End-to-end deep learning has captured much attention and has been widely applied in many autonomous control systems. Successful attempts have been made in end-to-end driving through imitation learningBojarski et al. (2016); Codevilla et al. (2018).
Behavioral cloning has been successfully used for many tasks including off-road driving Muller et al. (2006) and lane following Bojarski et al. (2016). It is both simple and efficient. It follows a teacher-student paradigm, where students learn to mimic the teacher’s demonstration. Previous behavioral cloning work for autonomous driving mainly focused on learning only the explicit mapping from the sensory input to the control output, paying no consideration to other potential cues from the teacher that might be beneficial.
While executing tasks, humans attend to behaviorally relevant information using saccades, which direct gaze towards important areas. In the context of driving, a driver’s gaze contains rich information related to his/her intent and decision making. Researches have shown that novice human learners can benefit from observing experts’ gaze Vine et al. (2012). For example, Yamini et al. (2017) showed that viewing the expert gaze videos can improve the hazard anticipation ability of novice drivers. Therefore, it is very promising to investigate whether deep driving networks trained by behavioral cloning might also benefit from exposure to expert gaze patterns.

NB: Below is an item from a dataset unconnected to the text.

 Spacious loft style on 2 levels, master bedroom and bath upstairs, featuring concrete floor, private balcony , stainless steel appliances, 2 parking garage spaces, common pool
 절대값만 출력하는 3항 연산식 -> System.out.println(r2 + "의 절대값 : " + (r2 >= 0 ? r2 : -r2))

Whether and how human gaze can help autonomous driving has been under-explored Alletto et al. (2016). Palazzi et al. (2017) analyzed gaze data in different driving conditions. They trained a network to predict eye gaze and demonstrated a strong relationship between gaze patterns and driving conditions. However, they did not apply their results to autonomous driving.
We trained a conditional generative adversarial network (GAN) to predict human gaze maps accurately while driving in both familiar and unseen environments. We incorporated the predicted gaze maps into end-to-end networks through two different methods.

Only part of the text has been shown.